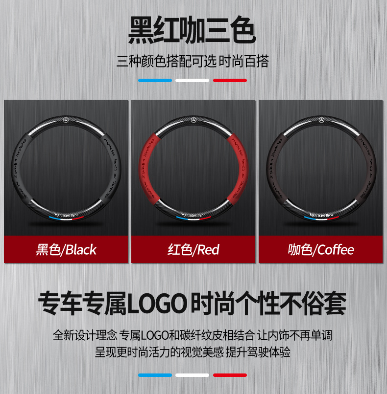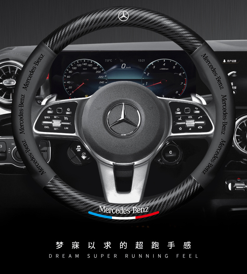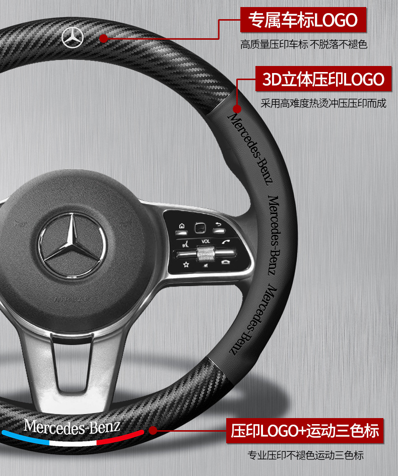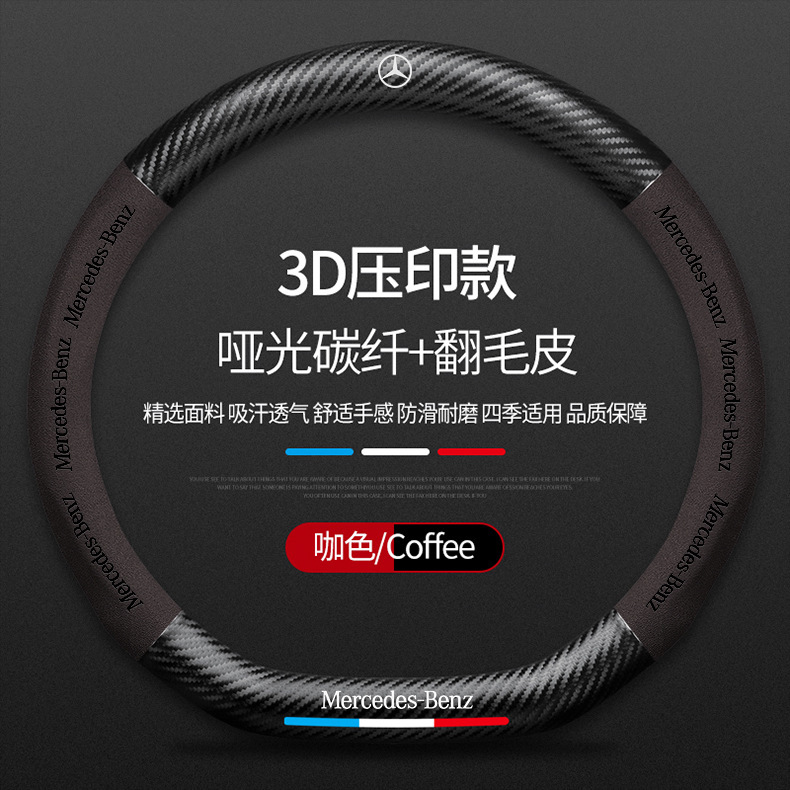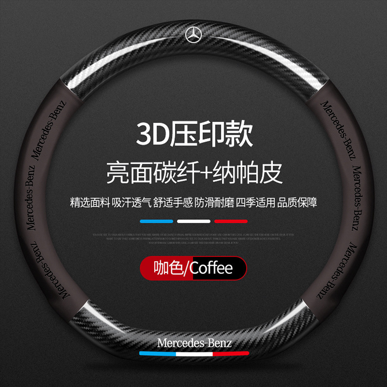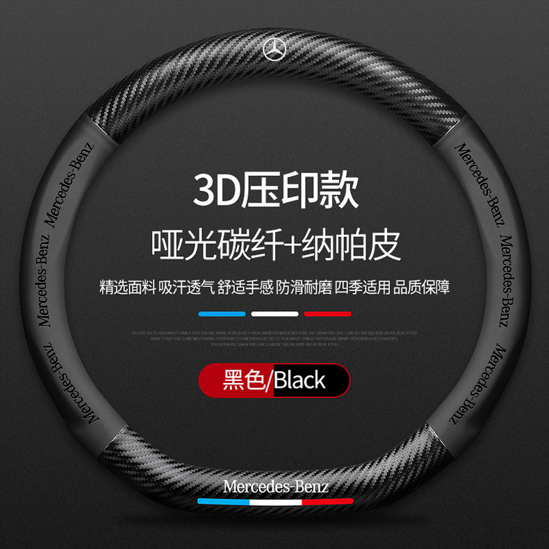 메르세데스-벤츠 C260LA200LGLA220E300 탄소 섬유 스티어링 휠 커버 사계절 유니버설 미끄럼 방지 자동차 핸들 커버에 적합스토어 가기
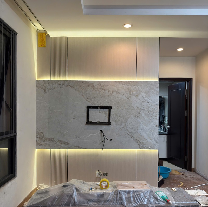 Không chỉ đẹp ở thành phẩm, hình ảnh thi công cũng phản ánh rõ chất lượng cốt lõi của tấm ốp TOPDECO:
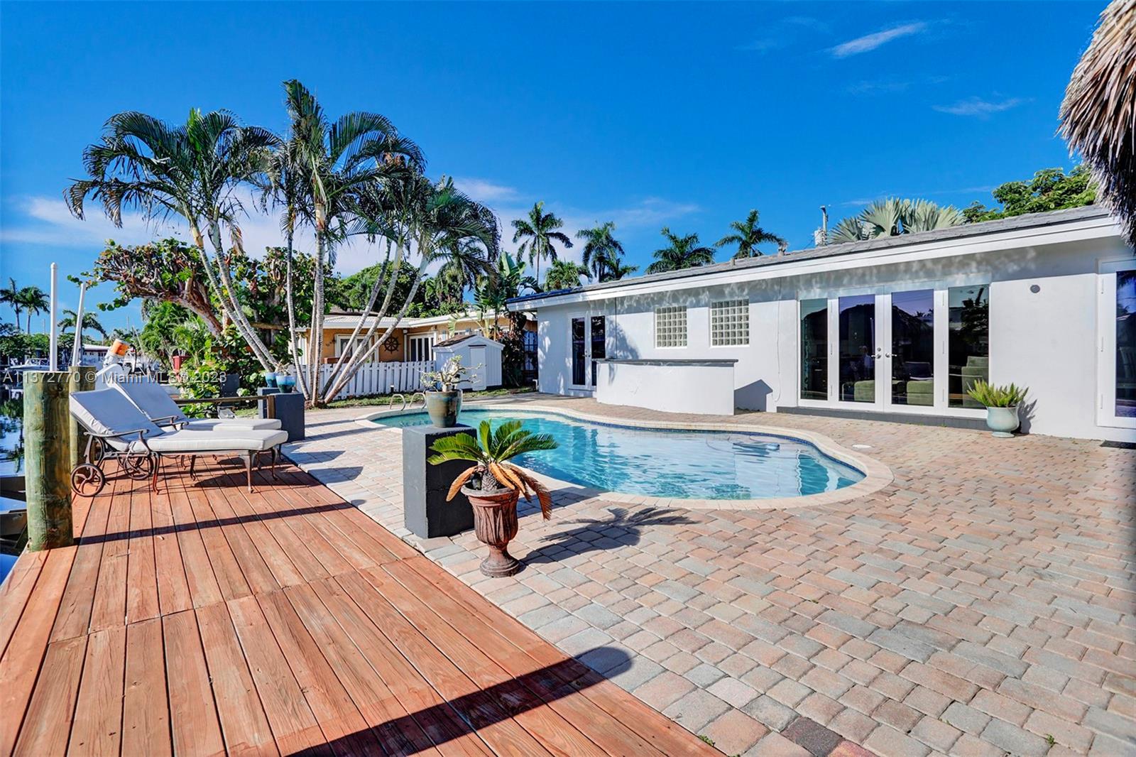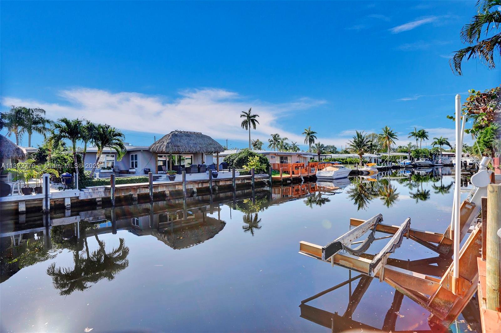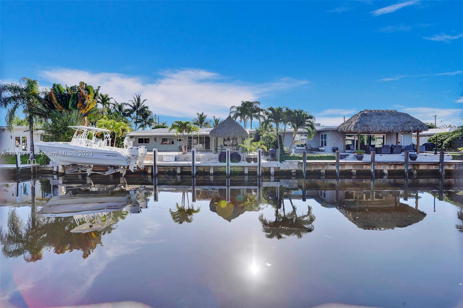 Boaters Delight! Come see this beautifully renovated 3 bed 2 bath home with 1 car garage on 70ft of waterfront with ocean access & boat dock. This home offers a large kitchen with granite countertops, separate office, great room, and a dining room overlooking the pool and canal with tile throughout. Entertain your guests under the Tiki hut on the large concrete deck. Newer roof and AC. 2 Fixed bridges to the ocean. Can be sold fully furnished turn-key
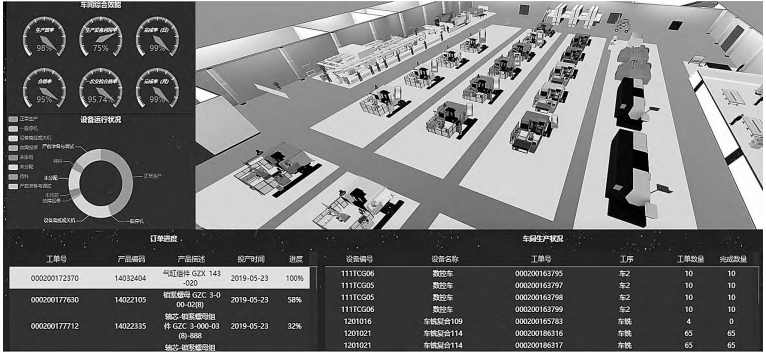 展示层设计为两大部分,即:车间综合大屏和机床综合大屏。车间综合大屏围绕车间综合效能、设备总体运行情况、订单进度和车间生产状况分类展示,并融合ThingJS展示3D车间排产情况,以实时视觉和数据预警强化对排产的监控。机床综合大屏则围绕单一生产设备,从工序产量分析、产品缺陷分析、OEE值和工艺参数等维度表达设备的运行状况和运行质量,实现生产单元的实时监控。
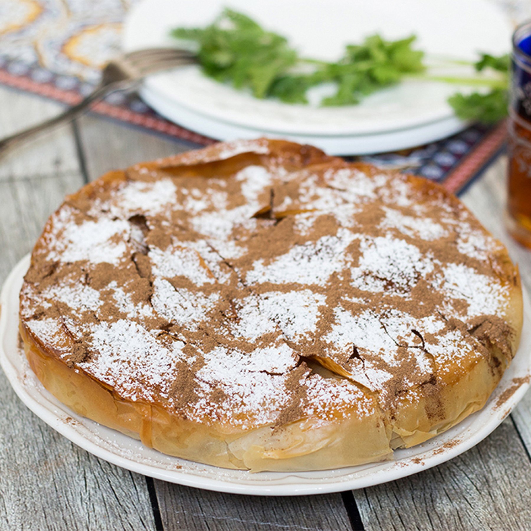 This sweet and savory Moroccan Pie (Pastilla) has a crisp, flaky pastry and a cinnamon flavored chicken, onion, and almond filling inside!
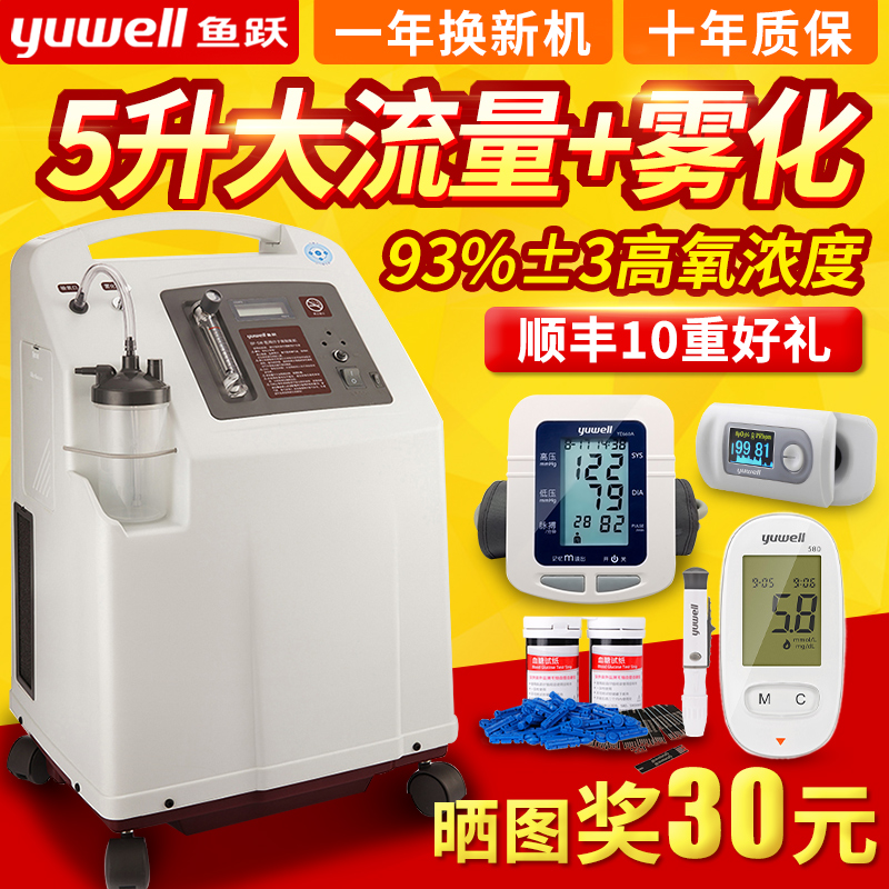 - 鱼跃制氧机8F-5W医 用级老人吸氧器家用5L氧气机静音带雾化负离子

───

Output every line of the records above unchanged, and keep the pictures out.

> _Exercise output_
 메르세데스-벤츠 C260LA200LGLA220E300 탄소 섬유 스티어링 휠 커버 사계절 유니버설 미끄럼 방지 자동차 핸들 커버에 적합스토어 가기
 Không chỉ đẹp ở thành phẩm, hình ảnh thi công cũng phản ánh rõ chất lượng cốt lõi của tấm ốp TOPDECO:
 Boaters Delight! Come see this beautifully renovated 3 bed 2 bath home with 1 car garage on 70ft of waterfront with ocean access & boat dock. This home offers a large kitchen with granite countertops, separate office, great room, and a dining room overlooking the pool and canal with tile throughout. Entertain your guests under the Tiki hut on the large concrete deck. Newer roof and AC. 2 Fixed bridges to the ocean. Can be sold fully furnished turn-key
 展示层设计为两大部分,即:车间综合大屏和机床综合大屏。车间综合大屏围绕车间综合效能、设备总体运行情况、订单进度和车间生产状况分类展示,并融合ThingJS展示3D车间排产情况,以实时视觉和数据预警强化对排产的监控。机床综合大屏则围绕单一生产设备,从工序产量分析、产品缺陷分析、OEE值和工艺参数等维度表达设备的运行状况和运行质量,实现生产单元的实时监控。
 This sweet and savory Moroccan Pie (Pastilla) has a crisp, flaky pastry and a cinnamon flavored chicken, onion, and almond filling inside!
 - 鱼跃制氧机8F-5W医 用级老人吸氧器家用5L氧气机静音带雾化负离子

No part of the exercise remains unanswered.